O mesmo procedimento vai acontecer com o terceiro sul-mato-grossense que havia sido transferido por falta de leitos. O idoso de 66 anos também estava internado em São Paulo, não resistiu e morreu na madrugada dessa quarta-feira (9). Pela manhã, a família deu entrada nos procedimentos para liberação do corpo, ainda sem previsão de chegar ao Estado.

Segundo a SES (Secretaria de Estado de Saúde), os corpos estão retornando a Mato Grosso do Sul de carro porque o governo tem convênio com as funerárias. No caso dos três pacientes mortos, o velório não será permitido por questões de segurança.

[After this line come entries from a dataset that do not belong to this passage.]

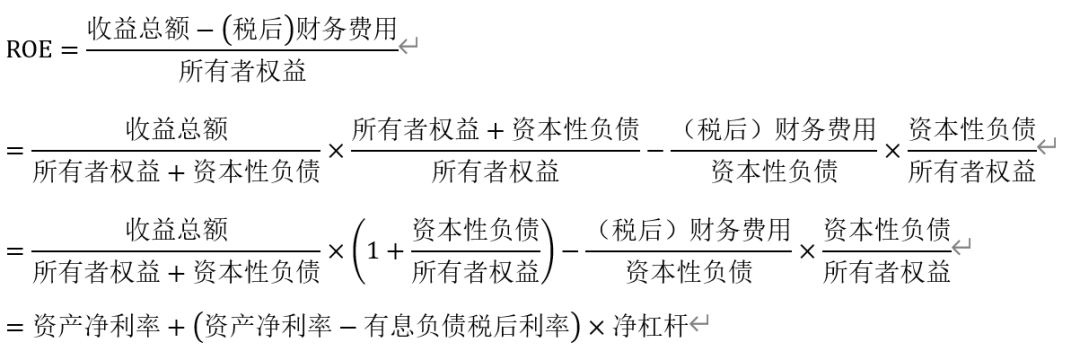 为了解决这一问题,我们可以借用重构后的利润表中"收益总额"一项,将收益总额与(税后)财务费用的差作为净利润的替代,由此我们可以得到以下推导:
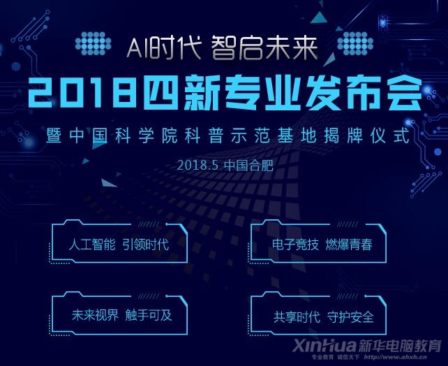 2018年5月17日,多名科技界、產業界、教育界著名學者、頂級專家和業界精英將匯聚創新之城中國·合肥,新華互聯網科技將舉辦《AI時代 智啟未來 2018新華互聯網科技四“新”專業發布會暨中國科學院中國科普博覽示范基地揭牌儀式》,該活動由新華互聯網科技聯合中國科學院共同舉辦,中國互聯網協會和中國職業技術教育協會等專業協會指導,科大訊飛、華為、百度、直尚電競等多家品牌企業參與,共同見證新華四大王牌“新”專業的發布,還將共同見證新華互聯網科技正式揭牌成為中國科學院中國科普博覽示范基地。
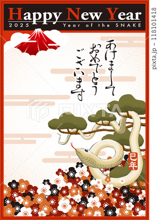 2025年賀状テンプレート「ブラック&レッド」あけおめ 手書き用スペース付
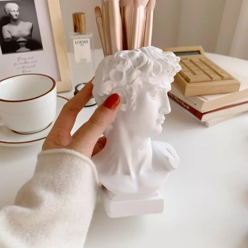 1. Креативность: Креативный держатель кистей для макияжа. Классические греческие чашечки для макияжа для кистей Michelangelo David Bust Statue. Вы можете положить ваши любимые румяна и помаду на этот красивый. Он является восхитительным украшением для вашего тщеславия.
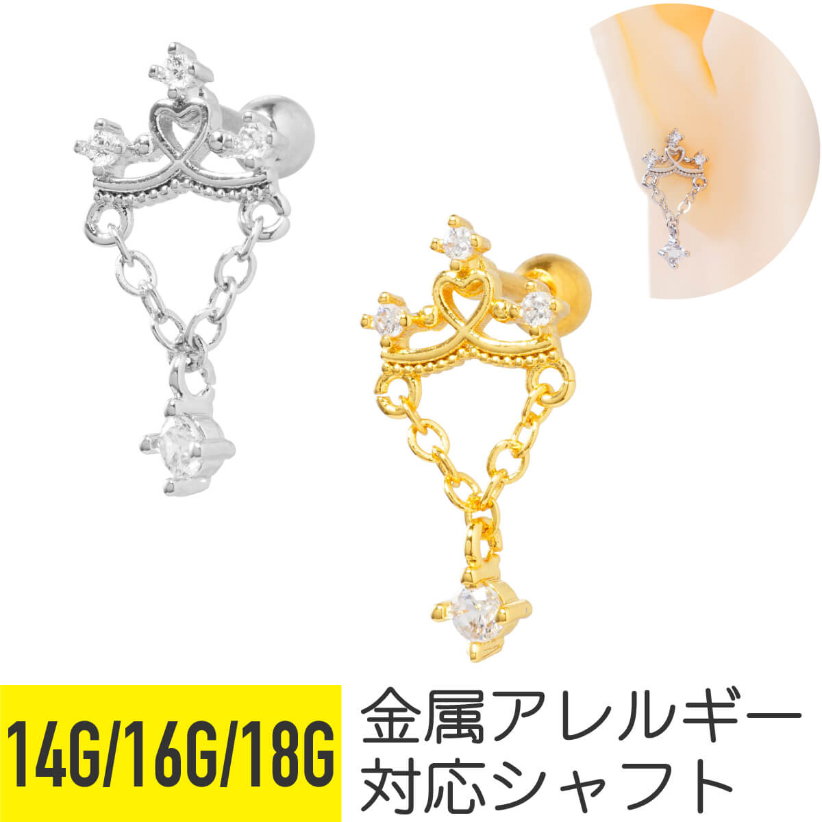 ■シャンデリア ドロップ ジュエル ストレートバーベル 14G 16G 18G サージカルステンレス ヘリックス 軟骨ピアス ボディピアス 揺れる
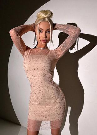 Безопасная оплата Наложенный платеж по подписке 200грн. Проверяйте товар на брак на почте и если таковой оформляйте акт.Дома брак не рассматривается! Обмен и возврат в день получения посылки Платье мини с сияющими стразами ▫️ткань: сетка со стразами, трикотажная подкладка ▫️размер: S и М (L + 200 грн)

Telefonema é esperança para quem tem mãe internada em SP 

Se para uns a distância representa o prolongar da dor, para outros é um exercício de paciência ante o cenário desfavorável. Com a mãe internada em São Paulo desde o último domingo (6), a biomédica Helen Cristina Rios, de 24 anos, procura não se lembrar que mais de 1.000 quilômetros a separam da dona Clarice da Silva Rios, 57 anos. “É difícil saber que ela está longe, mas um alívio entender que ela está bem assistida, diferente de como estaria se estivesse por perto. Aqui ela estava em um leito improvisado”, explica.

Entubada desde o dia 24 de maio, Clarice foi uma das pacientes que saíram de Maracaju rumo ao Hospital Santa Cecília, no estado vizinho. Para a família, o fim da tarde tem sido o momento mais esperado do dia. “O médico que atende ela liga e fala pra a gente sobre as condições de saúde dela”, explica a filha. Ainda ontem (9) informações da Prefeitura de Dourados indicaram que pelo menos duas famílias não aceitaram a oferta da vaga para transferência a São Bernardo do Campo.